Thickness-Dependent Phase Stability and Electronic Properties of GaN Nanosheets and MoS2/GaN van der Waals Heterostructures

The formation of GaN-based heterostructures is essential for optoelectronic applications, but it is greatly limited by the traditional heteroepitaxial method due to the impact of lattice mismatch. Integrating two-dimensional layered semiconductors (e.g., MoS2) on GaN surface into van der Waals (vdW) heterostructures can effectively overcome the constraint of lattice mismatch but also create the possibility to induce novel electronic and optical properties due to size and interface effects. Here we report the thickness effect on the structural, electronic, and optical properties of GaN nanosheets and MoS2/GaN van der Waals heterostructures based on hybrid density functional theory calculations. Our results demonstrate the thickness-driven structural transitions of GaN nanosheets from the wurtzite, to the haeckelite, to the graphitic phase, which is accompanied by a direct to-indirect band gap transition.
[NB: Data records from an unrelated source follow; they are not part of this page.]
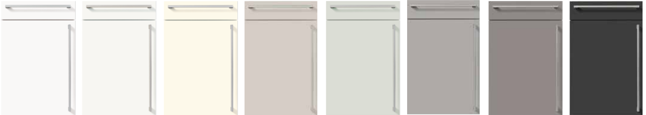
L091 Kristallweiß hochglanz
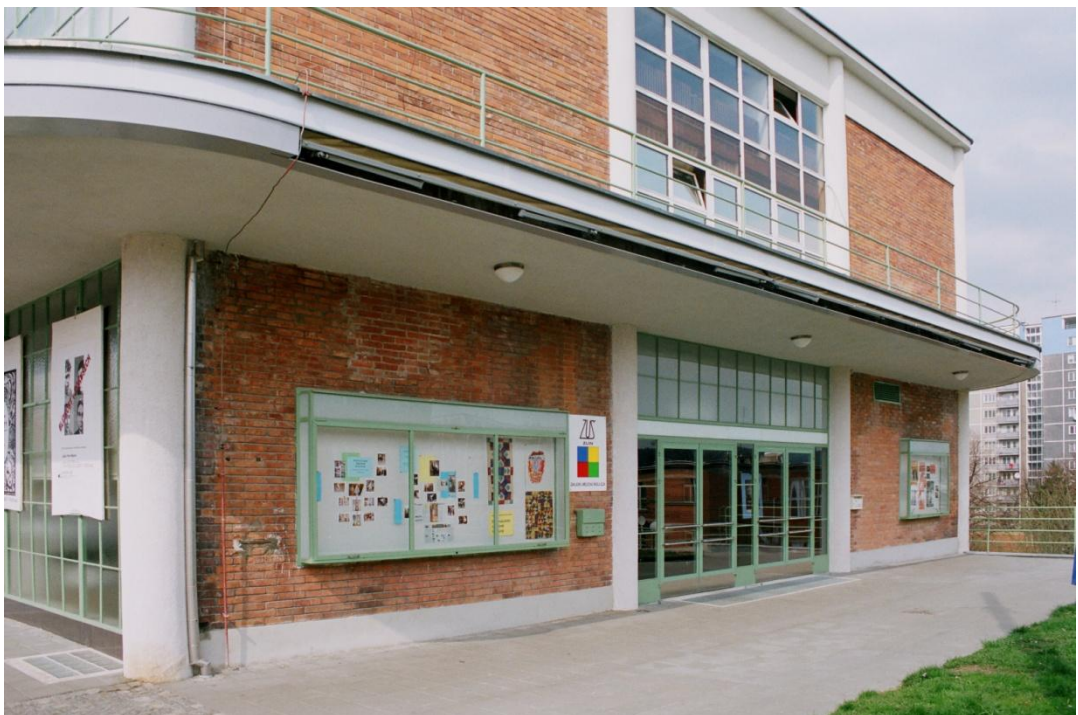
16. Hlavní vchod do ZUŠ Fotoarchiv školy
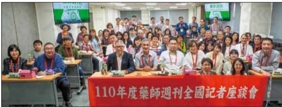
↑藥師週刊於11月7日舉辦「全國記者座談會」，全國記者不遠千里的來共聚一堂，一同學習各項攝影技巧，以精進拍照的能力。
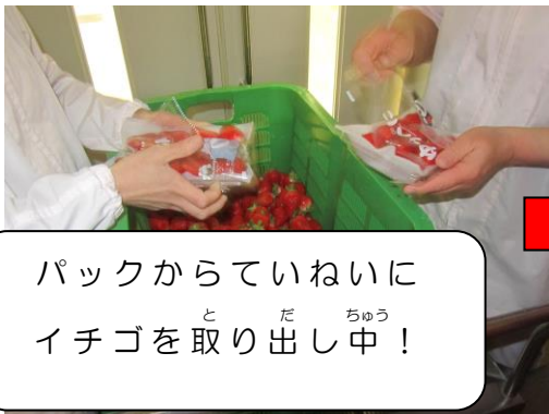
パックからていねいに イチゴ いちご を取り出し中 と ！

The integration of a MoS2 monolayer on GaN nanosheets into MoS2/GaN vdW heterostructures exhibits the strong thickness dependence of the band gap, band alignment, and optical absorption coefficient. Overall, two-dimensional MoS2/GaN vdW heterostructures possess moderate band gaps (1.35-1.7 eV), type II band alignment, and large visible-light absorption coefficients, which make them potential candidates for photovoltaic and photocatalytic applications.